I am not a Javascript engineer, but it works 🤷‍♂️

Logging into the PHP application running on the CGA4233DE is made as complicated as possible.

From the console we see:

curl 'http://192.168.100.1/api/v1/session/login' \
  -H 'Connection: keep-alive' \
  -H 'Accept: */*' \
  -H 'X-CSRF-TOKEN: ' \
  -H 'X-Requested-With: XMLHttpRequest' \
  -H 'Content-Type: application/x-www-form-urlencoded; charset=UTF-8' \
  --data-raw 'username=admin&password=seeksalthash' \
  --compressed \
  --insecure

CSRF seems broken, lol. Whatever - we don't care.

reply is

{"error":"ok","salt":"<something>","saltwebui":"<something_else>"}

For the actual login a derived token derived from the actual password is used:

curl 'http://192.168.100.1/api/v1/session/login' \
  -H 'Connection: keep-alive' \
  -H 'Accept: */*' \
  -H 'X-CSRF-TOKEN: ' \
  -H 'X-Requested-With: XMLHttpRequest' \
  -H 'Content-Type: application/x-www-form-urlencoded; charset=UTF-8' \
  -H 'Cookie: <some PHP session cookie>' \
  --data-raw 'username=admin&password=<something that is not my password>' \
  --compressed \
  --insecure

Looking at the obfuscated JavaShit (login.js), we see something like follows:

doPbkdf2NotCoded(doPbkdf2NotCoded("<password>", "<salt>"), "<saltwebui>")
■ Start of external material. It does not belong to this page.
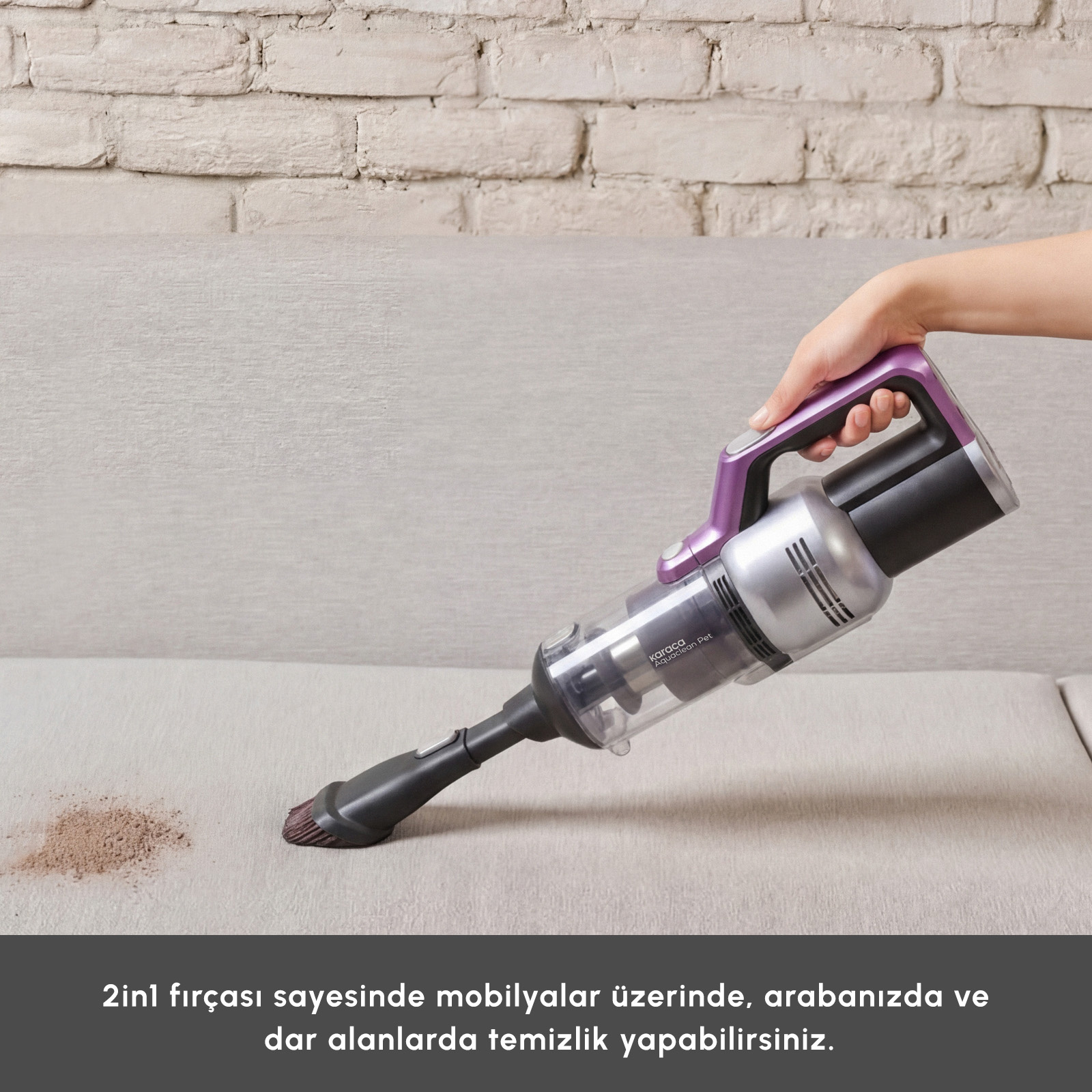 - Kablosuz dikey süpürgenizi kolayca el tipi süpürgesine dönüştürebilir, farklı aparatlar ile el süpürgesi olarak da kullanabilirsiniz. Böylelikle mobilyalar üzerinde, arabanızda ve küçük alanlarda kolaylıkla temizlik yapabilirsiniz.

quick check reveals: Yes, that returns the token used for the login. ✔️

Ok, so what does doPbkdf2NotCoded do?

function doPbkdf2NotCoded(_0x365ad6, _0x470596) {
    var _0x51b261 = sjcl[_0x5bfa('0x10')][_0x5bfa('0x11')](_0x365ad6, _0x470596, 0x3e8, 0x80);
    var _0x279f24 = sjcl[_0x5bfa('0xc')][_0x5bfa('0x12')]['fromBits'](_0x51b261);
    return _0x279f24;
}

easy, isn't it? %) Turns out, sjcl is not yet another obfuscated JS function, but this thingie.

Translated to something slightly more human readable (using the JS console)
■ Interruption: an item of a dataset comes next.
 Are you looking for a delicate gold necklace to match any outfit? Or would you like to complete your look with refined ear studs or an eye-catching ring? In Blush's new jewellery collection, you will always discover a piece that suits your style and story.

function whatTheFuck(param1, param2) {
    //                                a,      b,      c,     d
    var temp = sjcl["misc"]["pbkdf2"](param1, param2, 0x3e8, 0x80)
    return sjcl["codec"]["hex"]["fromBits"](temp)
}

From here, I started the GoLang implementation, which looks as follows:

// GetLoginPassword derives the password using the given salts
func GetLoginPassword(password, salt, saltWebUI string) string {
    return DoPbkdf2NotCoded(DoPbkdf2NotCoded(password, salt), saltWebUI)
}

// Equivalent to the JS doPbkdf2NotCoded (see README.md) 
func DoPbkdf2NotCoded(key, salt string) string {
    temp := pbkdf2.Key([]byte(key), []byte(salt), 0x3e8, 0x80, sha256.New)
    return hex.EncodeToString(temp[:16])
}

Oh BTW, Vodafone: Performing pbkdf2 twice won't secure an HTTP (non TLS) login.